Зато мать подступает к нему – по существу, игнорируя мое присутствие, – сильными пальцами гольфистки, указательным и большим, берет за подбородок и поворачивает его голову, чтобы осмотреть рассеченное ухо. (Он почти с нее ростом.) Пол принес с собой черную спортивную сумку с белой трафаретной надписью «Парамаунт Пикчерс – Возьми свою высоту» (мне говорили, что отец Стефани – какой-то начальник на этой студии), на ногах у него видавшие виды красные с черным «рибоки» с серебристыми молниями по бокам, одет он в длинные, мешковатые черные шорты и длинную темно-синюю футболку с ярко-красным «корветом» на груди и словами «Счастье – это одиночество». Пол – мальчик, которого видно насквозь, но и из тех, с кем вам не хотелось бы повздорить на улице. Да и дома тоже.
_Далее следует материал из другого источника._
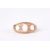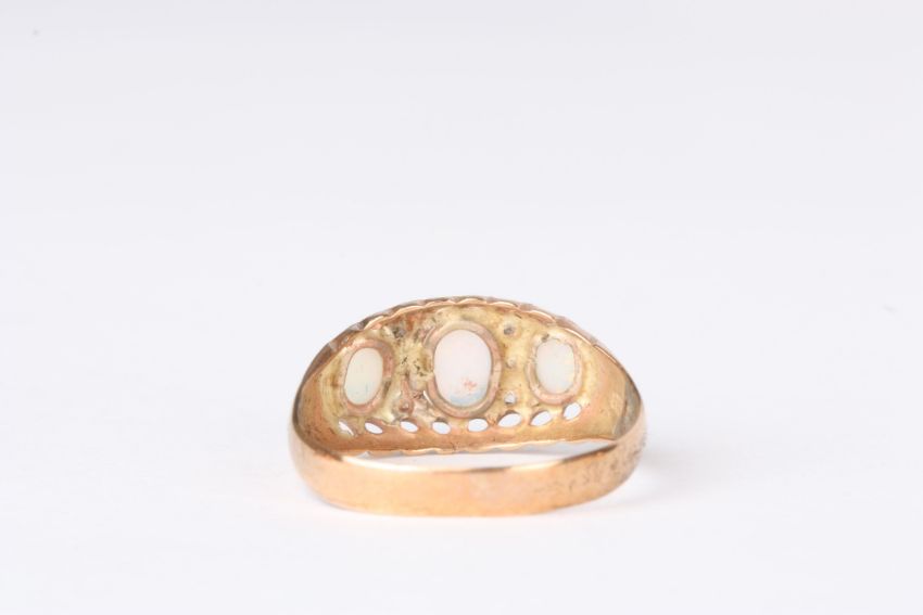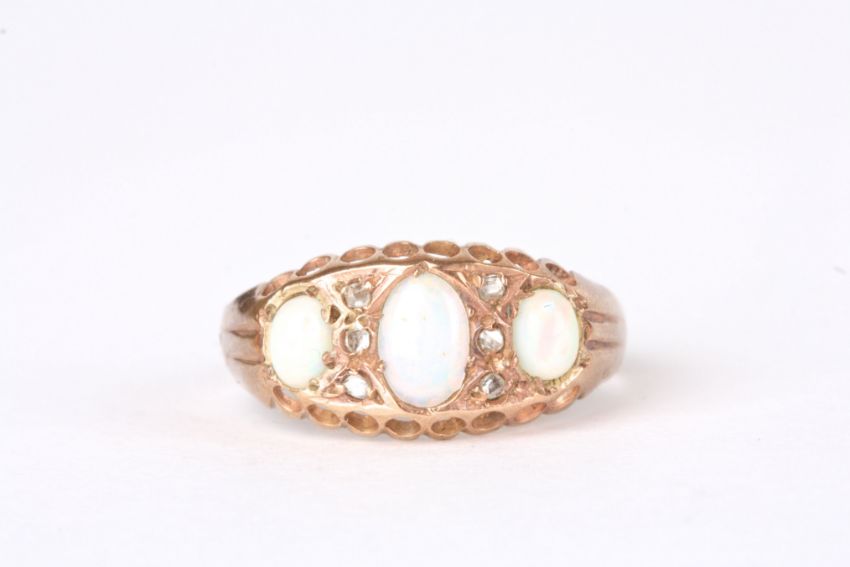 A 9ct gold and opal three stone ring set with three oval opals interspersed by six small diamonds in a pierced rose gold mount. , Approx 1.4 grams.Condition: Some thinning and wear, but no damage.

Энн спрашивает – голосом, предназначенным лишь для него, – взял ли он все необходимое (взял), взял ли деньги (взял), помнит ли, где они должны встретиться на Пенсильванском вокзале (да), хорошо ли себя чувствует (молчание). Он переводит колючий взгляд на меня и кривит уголок рта – как будто мы с ним заключили союз против нее. (Не заключили.)
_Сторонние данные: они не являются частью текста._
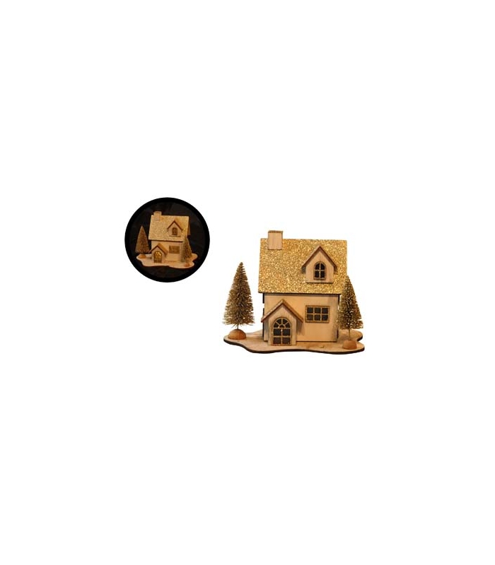 ΣΠΙΤΙ ΞΥΛΙΝΟ ΜΕ STRASS ΣΕ ΑΚΑΝΟΝΙΣΤΗ ΒΑΣΗ ΚΑΙ LED ΦΥΣΙΚΟ/ΛΕΥΚΟ 19.5×15.5x15cm
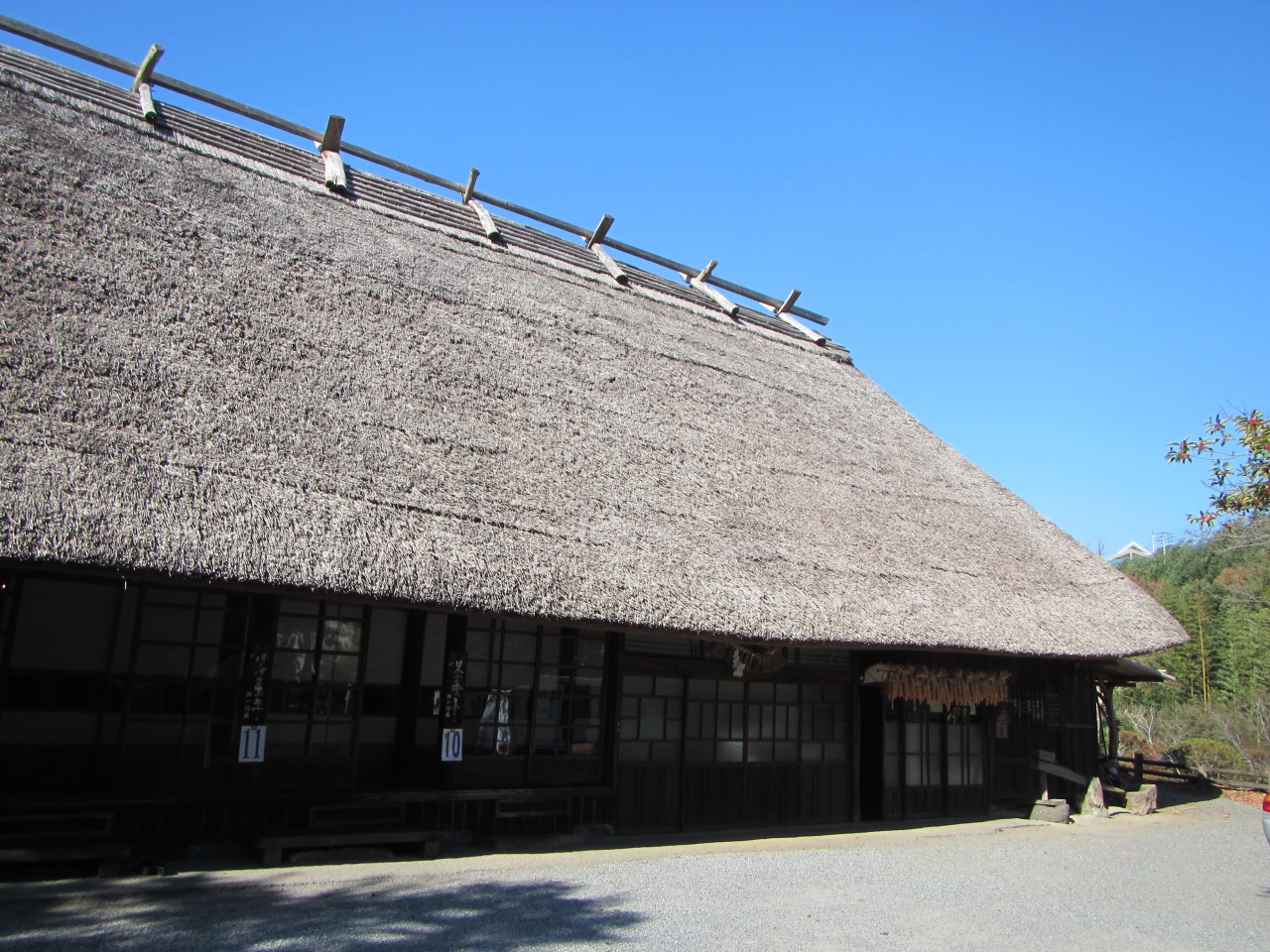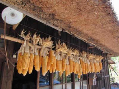 築260年以上の民家を移築した食事処です。雰囲気は抜群です。観光バスツアーのランチで行きました。料理の説明とかも有り、気に入ったら売店で買うことも出来ます。茅葺き屋根の農家を復元し、内部に昔の農機具などを展示した資料蔵がありました。地場産のお土産処もあります。

И тут Энн резко произносит:

– Ну ладно, вид у тебя не из лучших, однако ступай и подожди, пожалуйста, в машине. Мне нужно сказать пару слов твоему отцу.

Пол поджимает губы и состраивает гримасу легкого, безрадостного, всеведущего презрения к самой мысли о том, что его мать собирается поговорить с его отцом. Он стал самодовольным кривлякой. Но как? И когда?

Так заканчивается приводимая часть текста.